Run local LLMs from Python. LangChain-compatible. llama.cpp + MLX backends.

Project description

openhost

Run local LLMs from Python. LangChain-compatible. No desktop app required.

openhost is a thin Python SDK that manages llama.cpp and mlx-lm servers as subprocesses, handles model downloads from HuggingFace, and plugs into LangChain like any other provider.

Install

pip install openhost

# Whisper backend (pick one based on your hardware)
pip install 'openhost[whisper-mlx]'     # Apple Silicon (fast, Neural Engine)
pip install 'openhost[whisper-faster]'  # CPU or CUDA GPUs

Runtime backends you install separately:

brew install llama.cpp        # or build from source
pip install mlx-lm            # Apple Silicon only

Usage

Quickest path: chat

import openhost

llm = openhost.make_chat("qwen3.6-35b-mlx-turbo", streaming=True)
for chunk in llm.stream("Write a haiku about subprocess management."):
    print(chunk.content, end="", flush=True)
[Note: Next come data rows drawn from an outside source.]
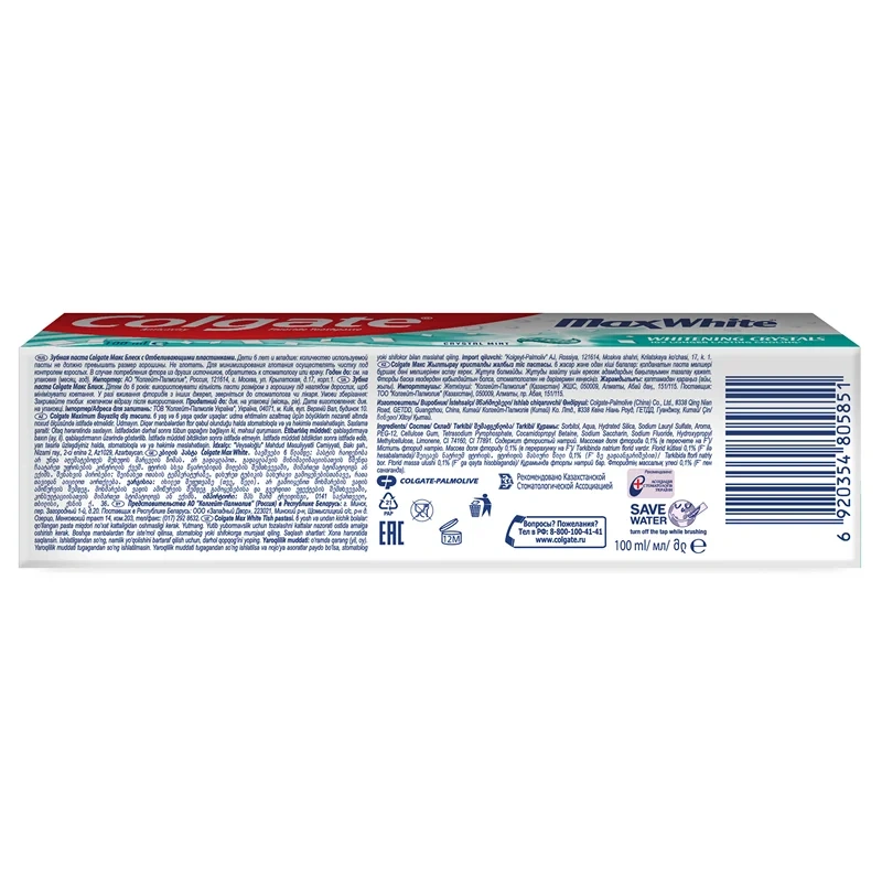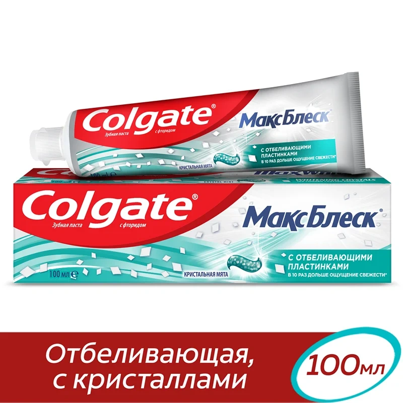 Отбеливающая зубная паста Colgate Макс Блеск не только сделает ваши зубы белее, но и подарит невероятное ощущение свежести для еще большей уверенности в себе. Отбеливает зубы — благодаря отбеливающим пластинкам в составе. Освежает дыхание — экстраосвежающая формула с передовой технологией интенсивно охлаждает, устраняет неприятный запах и дарит ощущение невероятной свежести. В 10 раз дольше ощущение свежести по сравнению с другими зубными пастами Colgate с фторидом. Помогает бороться с кариесом. Приятный вкус мяты.
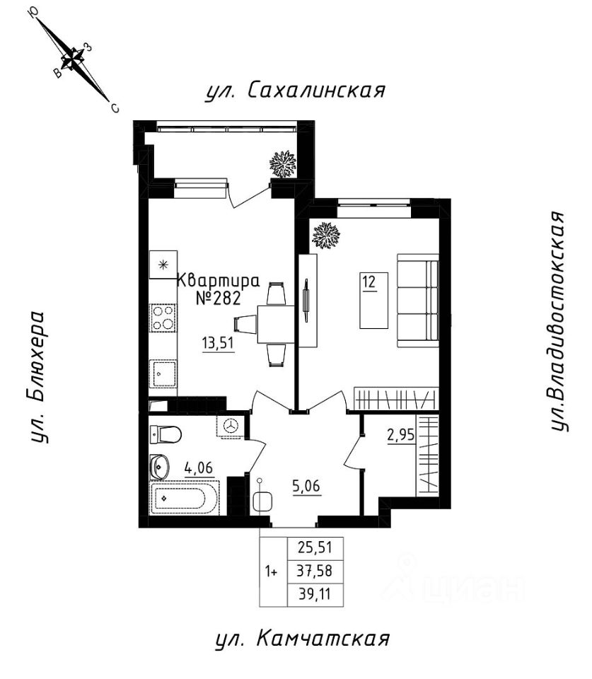 Общая площадь39,11 м2
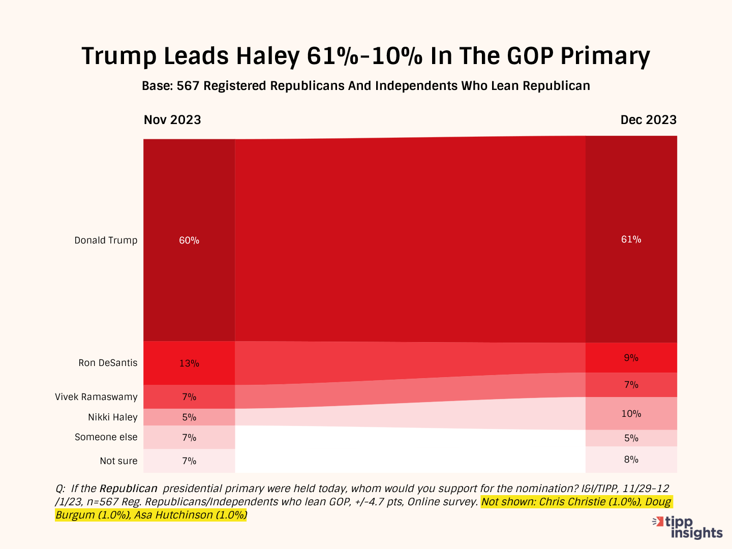 If current polls stand, it is almost impossible for Haley to beat Trump and win the nomination. Trump has a 35-point lead over her in Iowa, and the caucuses are scheduled on January 15, less than two weeks away. Besides, DeSantis has consistently been in second place in Iowa, having campaigned in all 99 counties. An Iowa win for Trump will translate into increased momentum in New Hampshire if history is any indication.
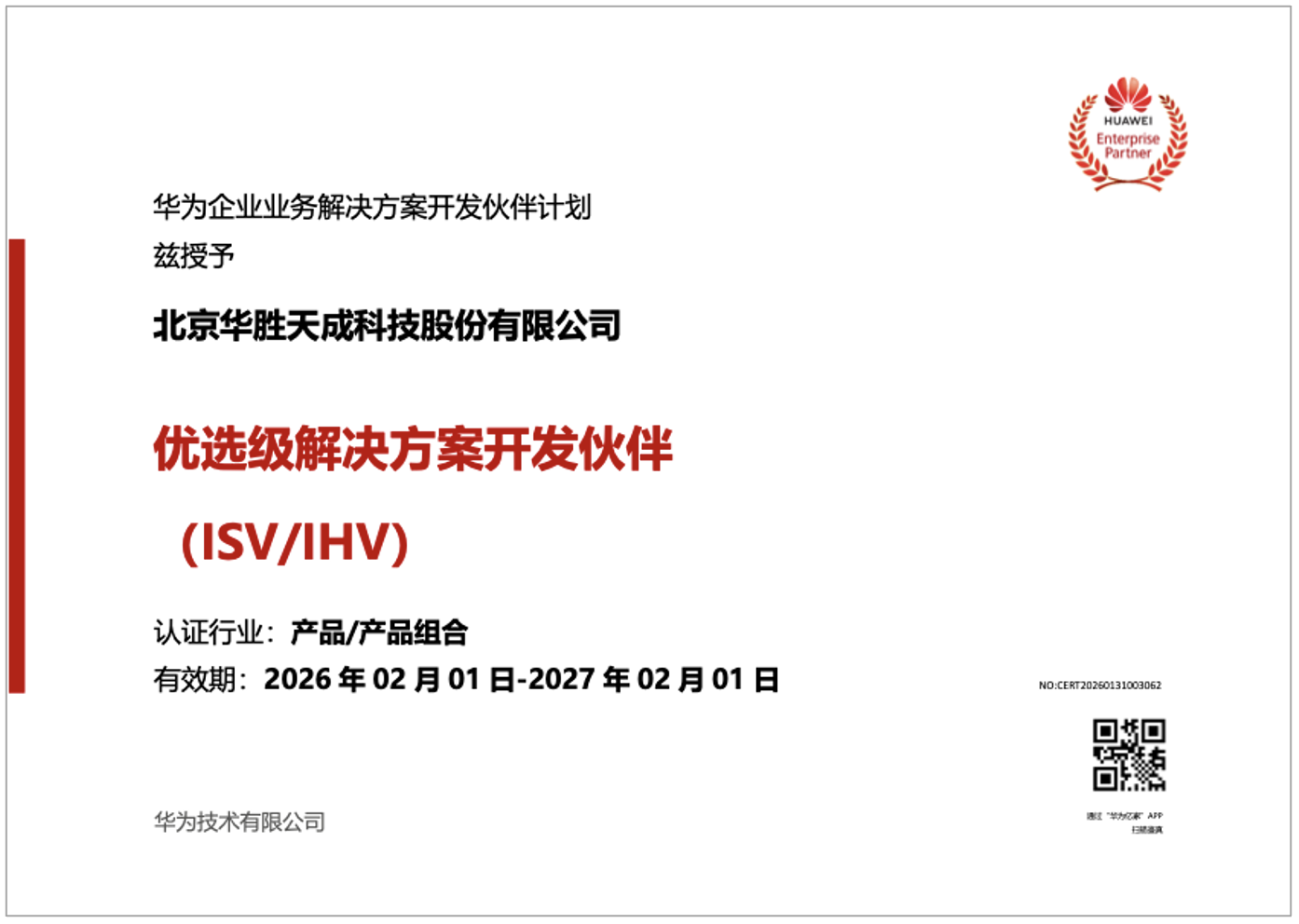 華勝天成獲得華為“2026年優(yōu)選級(jí)解決方案開發(fā)伙伴(ISV/IHV)”

That one line auto-downloads the model on first run, starts the server, picks a free port, and returns a fully-wired ChatOpenAI. No ports, no YAML, no gateway.

Model management

openhost.list_presets()                         # all known presets
openhost.pull("qwen3.5-35b-uncensored")         # just download
openhost.run("qwen3.5-35b-uncensored")          # start (auto-pulls if needed)
openhost.running()                              # list active runners
openhost.stop("qwen3.5-35b-uncensored")
openhost.stop_all()                             # kill everything

Register your own model:

from openhost import ModelPreset, register_preset

register_preset(ModelPreset(
    id="llama-3.1-8b-instruct-q6",
    display_name="Llama 3.1 8B Instruct (Q6_K)",
    backend="llama.cpp",
    hf_repo="bartowski/Meta-Llama-3.1-8B-Instruct-GGUF",
    primary_file="Meta-Llama-3.1-8B-Instruct-Q6_K.gguf",
    command_template=(
        "llama-server", "-m", "{path}/{primary_file}",
        "-c", "{context_length}", "--host", "127.0.0.1", "--port", "{port}",
        "--jinja", "-ngl", "99", "-fa", "on",
    ),
    context_length=8192,
))

Web search (LangChain tool)

from openhost import OpenHostSearchTool

tool = OpenHostSearchTool()  # keyless DuckDuckGo by default
print(tool.invoke("macOS 26 release date"))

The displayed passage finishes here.